С порога он услышал громкие голоса и понял, что семейная свара в самом разгаре.
— Не гневи Господа, Павел! — испуганный голос матери звучал непривычно громко. — У нас сын растет. Что ты ему скажешь?
— Ты сыном не спекулируй! — загудел пьяным басом отец. — Не маленький, сам всё поймет. Он скоро сбежит на край света от твоих псалмов, вон, погляди, домой его и канатом не затянешь! Не могу я больше, не могу! Вот ты мне, где уже…
Отец не договорил, и Женька услышал, как громко хлопнула дверца холодильника и забурлил в стакане горючий водкопад.
— Да ты посмотри, как мы живём! — гремел отец. — В дом к нам никто не заходит! Тебя люди боятся… Знаешь как тебя офицерские жёны называют? Блаженая!
— Спасибо людям и Господу, — смиренно согласилась мать. — А не заходят потому, что не хочу я сплетни слушать про их шашни с солдатиками. А друзья твои, начальники, могут водку пить и анекдоты травить и у себя в кабинете. А я хочу слушать Господа.
— Так и подохнем, — зло отчеканил отец, — на отшибе. Нет, уж, оставайся ты одна со своим Господом.
— Пока он школу не закончит, ты никуда не уйдешь, — Женька вздрогнул, голос матери звучал непривычно твёрдо. — А если посмеешь…
— Что? — рявкнул отцовский бас. — Ну-ка, пугни меня чем-нибудь! А?! Да ты взгляни в зеркало: кто ты и кто я? Ты всё Бога в небе ищешь, а Бог в этом небе — я!
— Прости нас, Господи, за грехи наши тяжкие! — взвыла мать, но её тут же перекрыл голос отца, привыкшего перекрикивать рёв вертолётных турбин.
— Где, где твой Бог был, когда меня сбили под Кандагаром, а?!
— Опомнись, Павел, — голос матери зазвучал спокойно и строго, — если ты уйдешь к этой женщине — я заберу Женю и уеду к матери.
— А вот это видела? — грохнул кулак об стол. — Я сына тебе не отдам! Я парня за штурвал посажу и сделаю из него нормального мужика! Катись к своей мамке одна! Собирай манатки и вали отсюда!
Женька почувствовал страшную резь в желудке.

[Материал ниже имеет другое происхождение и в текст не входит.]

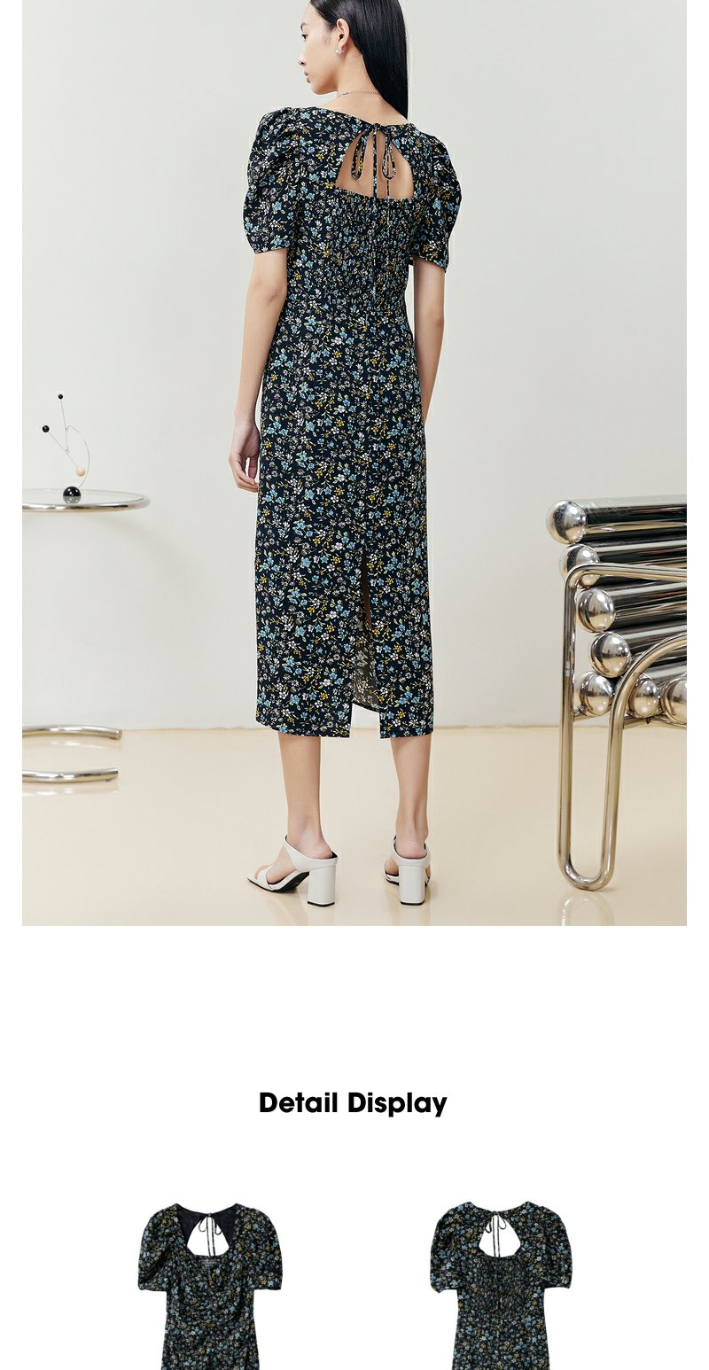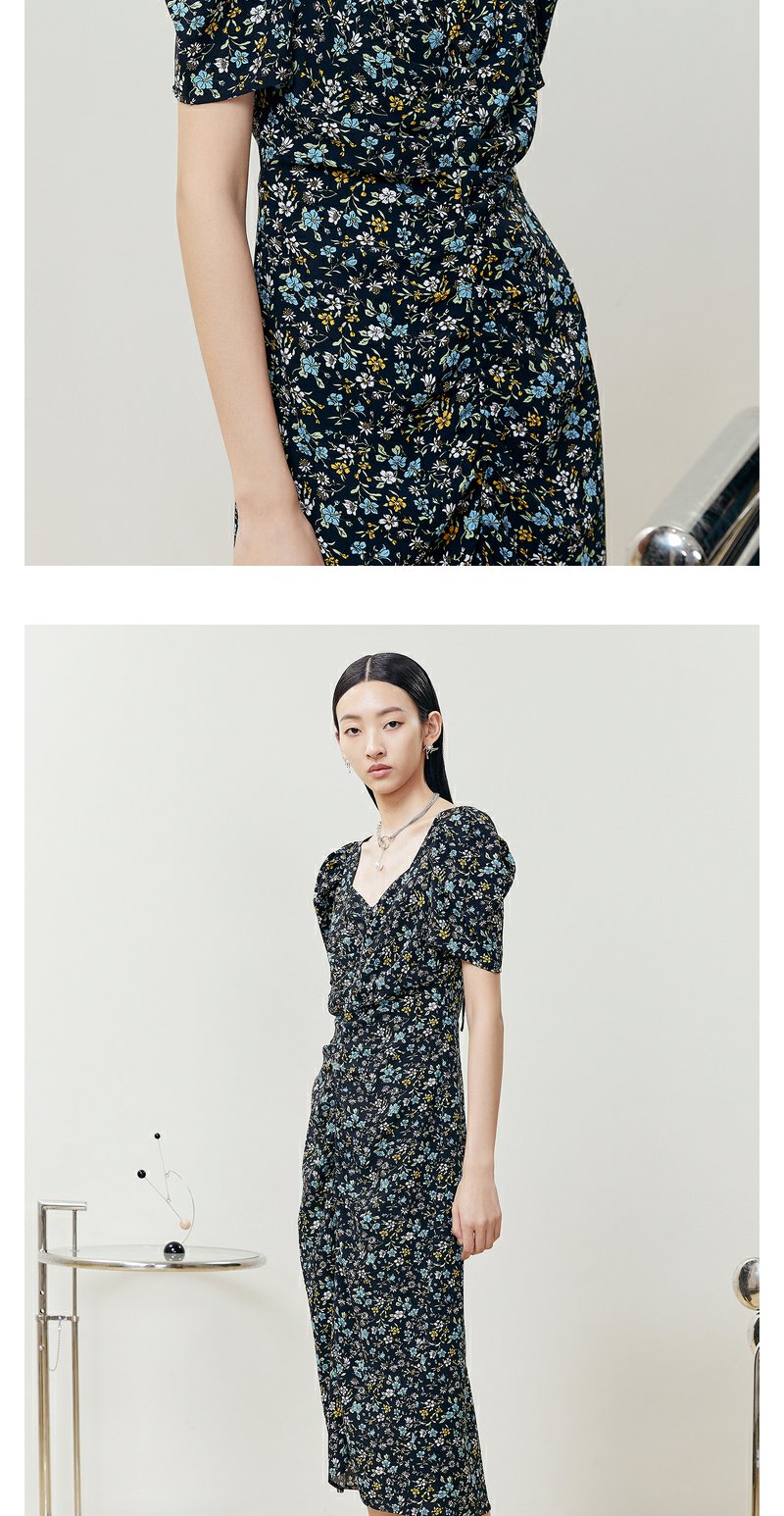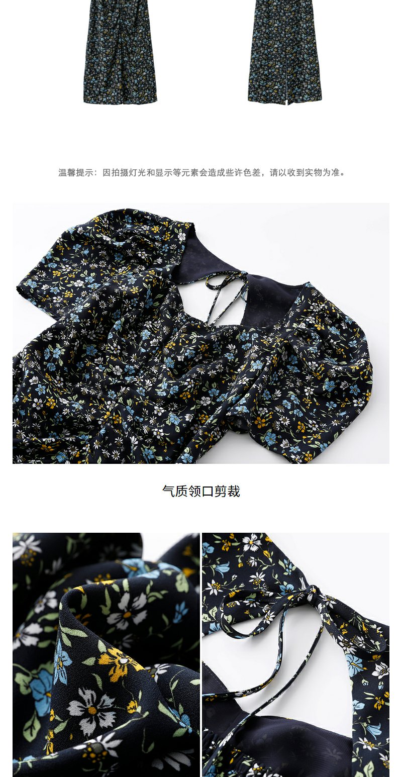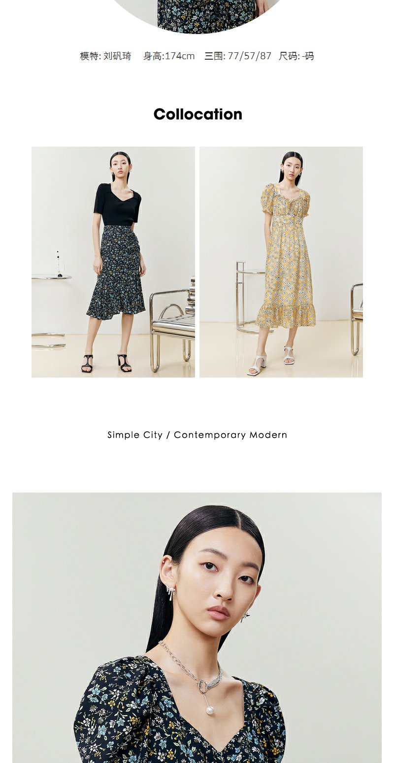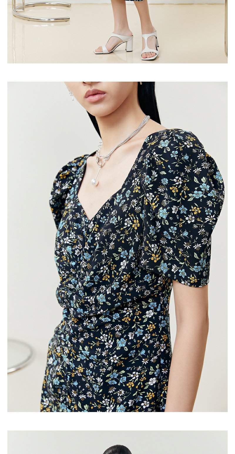 NEELLY纳俪商场同款碎花连衣裙女中长款抽褶拼接泡泡袖A字茶歇裙N23044Y04413
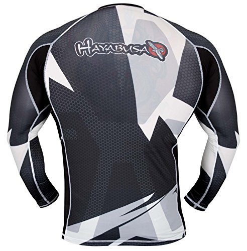 ReleaseDate : 2013-08-29 Studio : Hayabusa Fightwear Publisher : Hayabusa Fightwear Binding : Sports Product Description The all-new Metaru 47 Rashguard from Hayabusa is easily the most innovative compression garment the combat world has ever seen.? This premium rashguard features exclusive, cutting-edge fabric technologies designed to provide ultimate comfort and flexibility, thermoregulation and anti-odor performance. Not to mention, it features flatlock stitching and fiber-fused graphics to prevent chafing and provide uncompromised durability. For the latest in compression performance, upgrade to the new Metaru 47 Rashguard today. 0
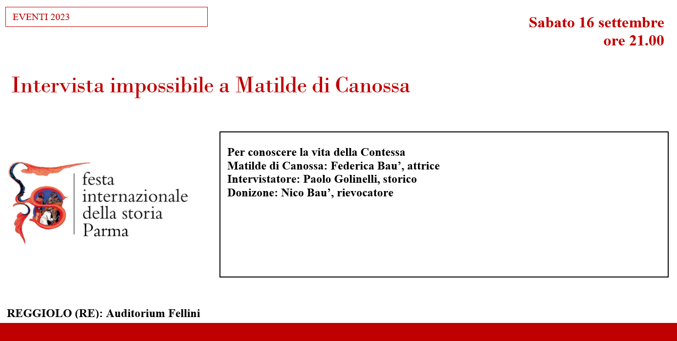 sabato 16 SETTEMBRE ore 21.00-22.30 INTERVISTA IMPOSSIBILE AMATILDE DI CANOSSAPer conoscere la vita della ContessaAuditorium Fellini Matilde di Canossa: Federica Bau’, attriceIntervistatore: Paolo Golinelli, storicoDonizone: Nico Bau’, rievocatore Coro: Cappella Musicale “Adolfo Tanzi”, diretta dal m.° Davide Nigrelli.Ambientazione medievale degli
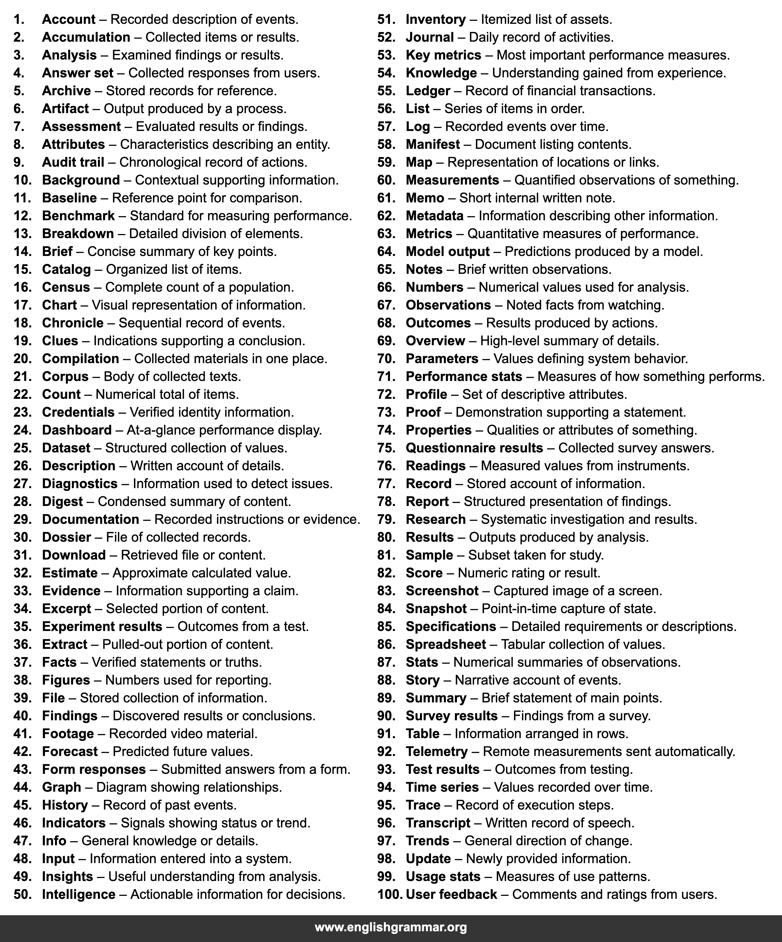 | 85. | Specifications | Detailed requirements or descriptions. |

Он покрылся холодными каплями пота и понял, что нужно немедленно перемещаться в сторону туалета.
— Грех возьму на душу! — отчеканила мать. — Пойду в прокуратуру и расскажу, что вы вместо покойников в гробах цинковых оттуда возите!
— Ты что сказала, сука?
Дальнейшее промедление было бы просто смертельным, и Женька рванул что было сил к покосившемуся белому деревянному строению, вокруг которого стоял неистребимый запах хлорки.
Боль долго не проходила.
Так случалось всегда, когда подкатывался страх. Он уже знал, что пока не успокоится бешеное биение сердца в груди и не высохнут слёзы на глазах, будет больно.
* * *
Женька вывалился из мерзкого сарая и, скорчившись, побрёл в сторону хоздвора. За всяким хламом, на крутом берегу канала, высились купола большого муравейника. Днем здесь кипела жизнь. Большие рыжие муравьи дружно шагали по песчаным глыбам в сторону коптильни и возвращались в свои владения с невесть откуда взявшейся травинкой, рыбьей шелухой или косточкой. Сейчас, под вечер, по дорогам и проспектам муравейника неслись сломя голову одинокие усачи, чтобы успеть в муравейник до захода солнца. Женька подхватил одного их рыжих бегунов и запустил его на колесо проржавевшей цистерны. Муравей замер в растерянности, подняв перед собой передние лапки и расставив по сторонам длинные усы.
Женька присел и достал из-за колеса «сейф». В продолговатой банке из-под «лимонных долек» хранились сигареты, спички, целлофановые пакетики с коноплёй, белые шарики «насвая» и довольно приличная сумма денег.
Женька пересчитал купюры и доложил муравью.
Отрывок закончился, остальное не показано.